小编带你看看最新的数据,上周五统计局发布的8月份青年失业率,又创新高了。这还是在统计局调整了统计方法之后的结果,如果按照老方法来,失业率可能超过20%,也就是说,每五个人里就有一个找不到工作。这比2020年和2022年那两个特殊年份还要糟糕。
咱们拿2021年和日本1991年做个对比,看看日本90年代的青年失业率。日本房价泡沫破裂后,青年失业率从5%飙升到8%,但即便如此,也没现在国内一半高。大家都说“我们不一样”,但现实却是“另一个方向的不一样”。
这可能意味着国内就业市场的供需更加失衡了。岗位供给减少,求职需求增大,这背后不仅仅是结构性摩擦那么简单。好职位太少,年轻人又不愿意接受低薪工作。

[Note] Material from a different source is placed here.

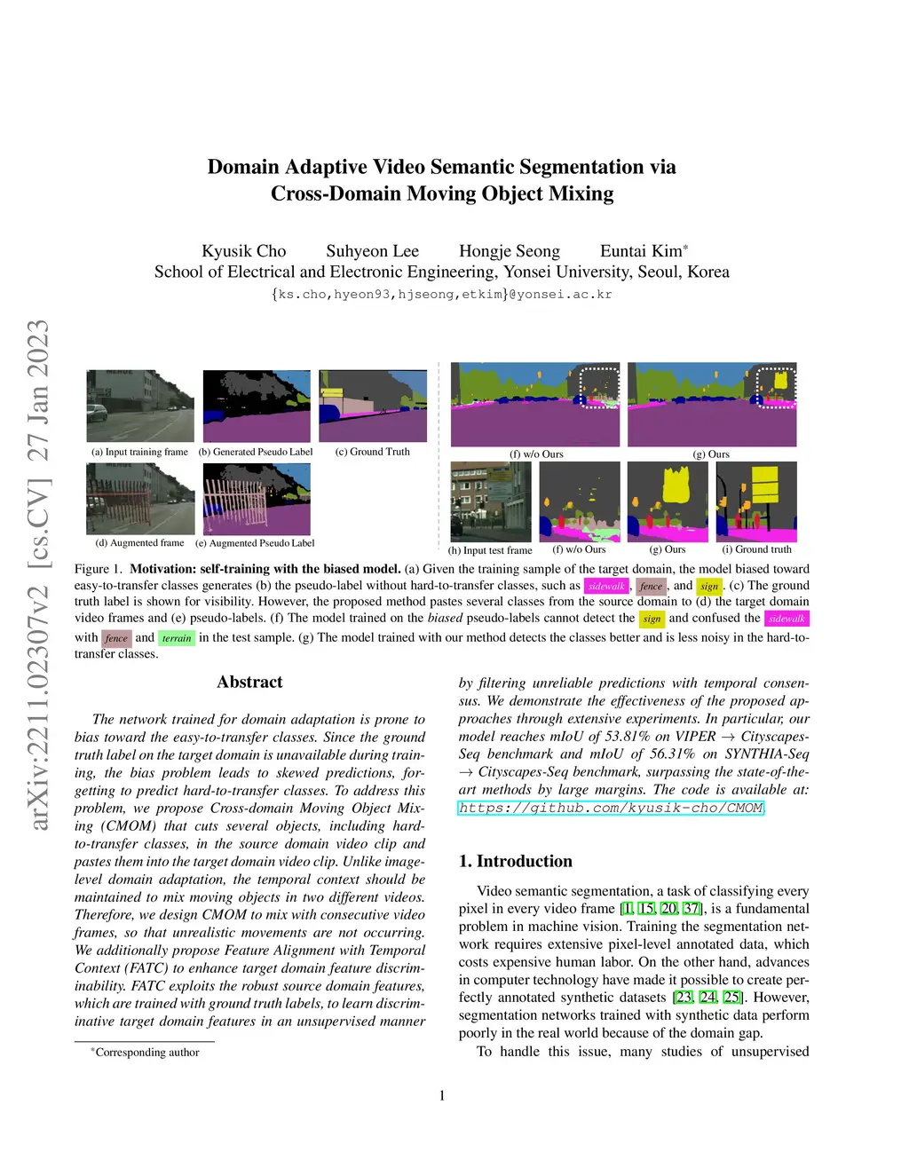 The network trained for domain adaptation is prone to bias toward the easy-to-transfer classes. Since the ground truth label on the target domain is unavailable during training, the bias problem leads to skewed predictions, forgetting to predict hard-to-transfer classes. To address this problem, we propose Cross-domain Moving Object Mixing (CMOM) that cuts several objects, including hard-to-transfer classes, in the source domain video clip and pastes them into the target domain video clip. Unlike image-level domain adaptation, the temporal context should be maintained to mix moving objects in two different videos. Therefore, we design CMOM to mix with consecutive video frames, so that unrealistic movements are not occurring. We additionally propose Feature Alignment with Temporal Context (FATC) to enhance target domain feature discriminability. FATC exploits the robust source domain features, which are trained with ground truth labels, to learn discriminative target domain features in an unsupervised manner by filtering unreliable predictions with temporal consensus. We demonstrate the effectiveness of the proposed approaches through extensive experiments. In particular, our model reaches mIoU of 53.81% on VIPER to Cityscapes-Seq benchmark and mIoU of 56.31% on SYNTHIA-Seq to Cityscapes-Seq benchmark, surpassing the state-of-the-art methods by large margins. The code is available at: https://github.com/kyusik-cho/CMOM.

这种摩擦背后,其实是不同企业属性的利润在起决定性作用。
比如,为啥毕业生们都想挤进体制内?因为过去8年,国企的表现“完胜”民企。当大家讨论国企分红带来的财产收入时,却很少有人分析国企增量利润对民企的挤出效应,这是否加深了就业市场的困境,导致工资收入反而下降。

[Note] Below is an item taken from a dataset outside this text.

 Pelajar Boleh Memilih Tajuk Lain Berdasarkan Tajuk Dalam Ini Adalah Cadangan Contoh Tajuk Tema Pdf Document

这8年来,我们看到青年失业率的快速上升和生育率的快速下降同时发生。小编查阅了NBER的论文,确实有研究失业率和生育率的相关性。逻辑上也容易理解,劳动者在疲软的就业市场上,对未来就业预期悲观,自然选择生孩子的比例就会下降。
论文建议,要解决这个问题,一方面要修复失业率,另一方面在失业率高的时候,财政要投入足够的资金保障失业群体的需求。但目前政策上,我们并没有看到实际的投入,积极的措施也很少。
给人的感觉是,青年失业率高,好像是青年自己的态度问题。但这种“鸵鸟”心态并不利于广义财政。之前小编解释过,青年失业率越高,越会压制年长者的消费意愿,消费者信心指数下降,交易度降低,税收减少,同时影响土地收入,广义财政收入紧张,投资-债务-GDP模式的增量减弱,GDP边际下行。
价格在减弱的交易环境下,也会影响资产价格。这些问题和矛盾,虽然已经被“建议”了很多年,但依然“顽固”地走在这条轨道上。如果小编没算错,这次“延退”的推出,可能会加剧经济的结构性失衡,继续弱化长期基本面,青年失业率也可能会延续。